(THE DATA)

• • • • • • •

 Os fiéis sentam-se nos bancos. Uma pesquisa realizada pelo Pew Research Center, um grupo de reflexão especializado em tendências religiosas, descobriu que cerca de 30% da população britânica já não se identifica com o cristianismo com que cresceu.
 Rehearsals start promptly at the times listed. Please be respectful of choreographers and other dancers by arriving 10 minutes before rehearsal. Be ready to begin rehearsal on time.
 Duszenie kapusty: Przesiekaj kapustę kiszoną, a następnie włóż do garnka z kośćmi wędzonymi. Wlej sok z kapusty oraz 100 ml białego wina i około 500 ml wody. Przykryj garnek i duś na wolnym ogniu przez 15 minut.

• • • • • • •

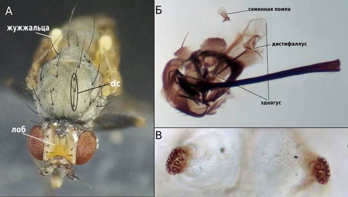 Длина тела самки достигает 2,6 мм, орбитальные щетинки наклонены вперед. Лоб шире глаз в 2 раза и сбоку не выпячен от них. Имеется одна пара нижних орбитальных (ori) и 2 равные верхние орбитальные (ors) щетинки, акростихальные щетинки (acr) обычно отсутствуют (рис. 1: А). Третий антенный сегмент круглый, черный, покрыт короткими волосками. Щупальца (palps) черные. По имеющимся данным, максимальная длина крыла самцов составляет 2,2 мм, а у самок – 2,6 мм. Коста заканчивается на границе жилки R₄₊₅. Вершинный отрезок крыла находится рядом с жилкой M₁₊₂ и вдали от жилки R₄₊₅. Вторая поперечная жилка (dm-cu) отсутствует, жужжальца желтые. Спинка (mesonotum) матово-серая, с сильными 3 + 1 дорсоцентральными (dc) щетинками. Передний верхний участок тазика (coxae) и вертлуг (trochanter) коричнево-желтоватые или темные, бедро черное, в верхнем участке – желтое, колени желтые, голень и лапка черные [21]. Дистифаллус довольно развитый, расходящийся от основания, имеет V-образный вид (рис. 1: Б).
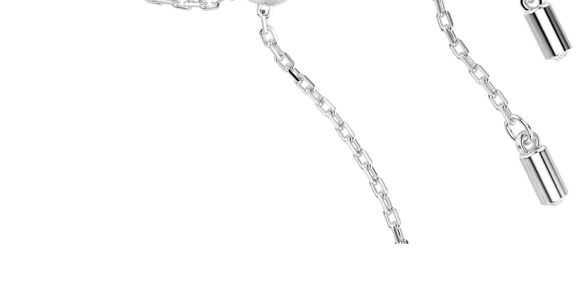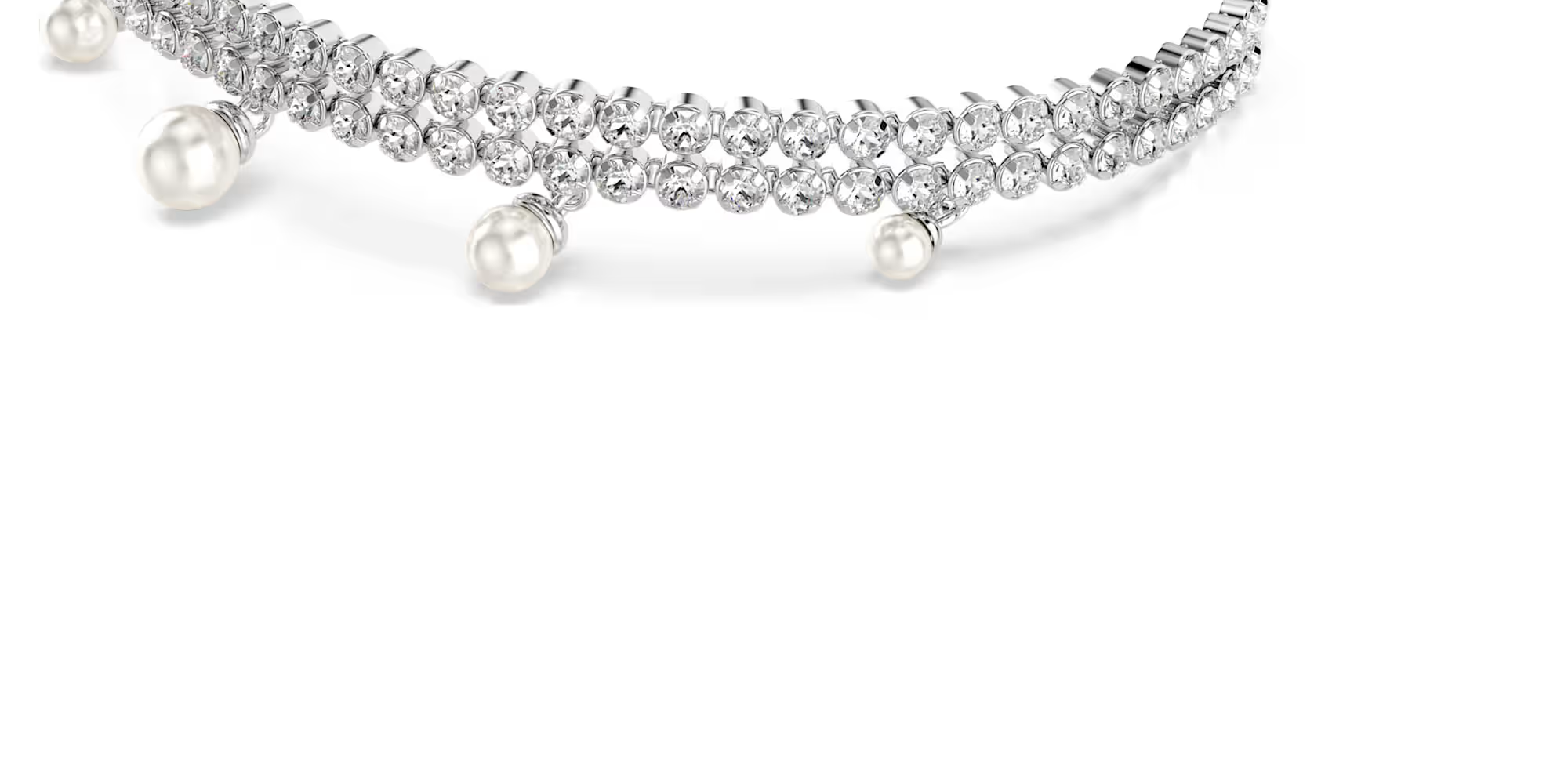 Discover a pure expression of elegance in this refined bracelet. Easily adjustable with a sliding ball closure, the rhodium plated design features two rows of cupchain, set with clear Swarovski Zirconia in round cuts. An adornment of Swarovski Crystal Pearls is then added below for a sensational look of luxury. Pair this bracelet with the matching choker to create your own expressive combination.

• • • • • • •

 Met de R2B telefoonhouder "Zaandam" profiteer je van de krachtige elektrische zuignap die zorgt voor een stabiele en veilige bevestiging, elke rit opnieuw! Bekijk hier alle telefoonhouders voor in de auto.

• • • • • • •

(WHAT THE EXERCISE ASKS) Nothing but the lines above, starting at the line that contains "Длина тела самки" and ending at the line that contains "Discover a pure", should be given again, exactly and without the pictures.

(EXPECTED OUTPUT)
 Длина тела самки достигает 2,6 мм, орбитальные щетинки наклонены вперед. Лоб шире глаз в 2 раза и сбоку не выпячен от них. Имеется одна пара нижних орбитальных (ori) и 2 равные верхние орбитальные (ors) щетинки, акростихальные щетинки (acr) обычно отсутствуют (рис. 1: А). Третий антенный сегмент круглый, черный, покрыт короткими волосками. Щупальца (palps) черные. По имеющимся данным, максимальная длина крыла самцов составляет 2,2 мм, а у самок – 2,6 мм. Коста заканчивается на границе жилки R₄₊₅. Вершинный отрезок крыла находится рядом с жилкой M₁₊₂ и вдали от жилки R₄₊₅. Вторая поперечная жилка (dm-cu) отсутствует, жужжальца желтые. Спинка (mesonotum) матово-серая, с сильными 3 + 1 дорсоцентральными (dc) щетинками. Передний верхний участок тазика (coxae) и вертлуг (trochanter) коричнево-желтоватые или темные, бедро черное, в верхнем участке – желтое, колени желтые, голень и лапка черные [21]. Дистифаллус довольно развитый, расходящийся от основания, имеет V-образный вид (рис. 1: Б).
 Discover a pure expression of elegance in this refined bracelet. Easily adjustable with a sliding ball closure, the rhodium plated design features two rows of cupchain, set with clear Swarovski Zirconia in round cuts. An adornment of Swarovski Crystal Pearls is then added below for a sensational look of luxury. Pair this bracelet with the matching choker to create your own expressive combination.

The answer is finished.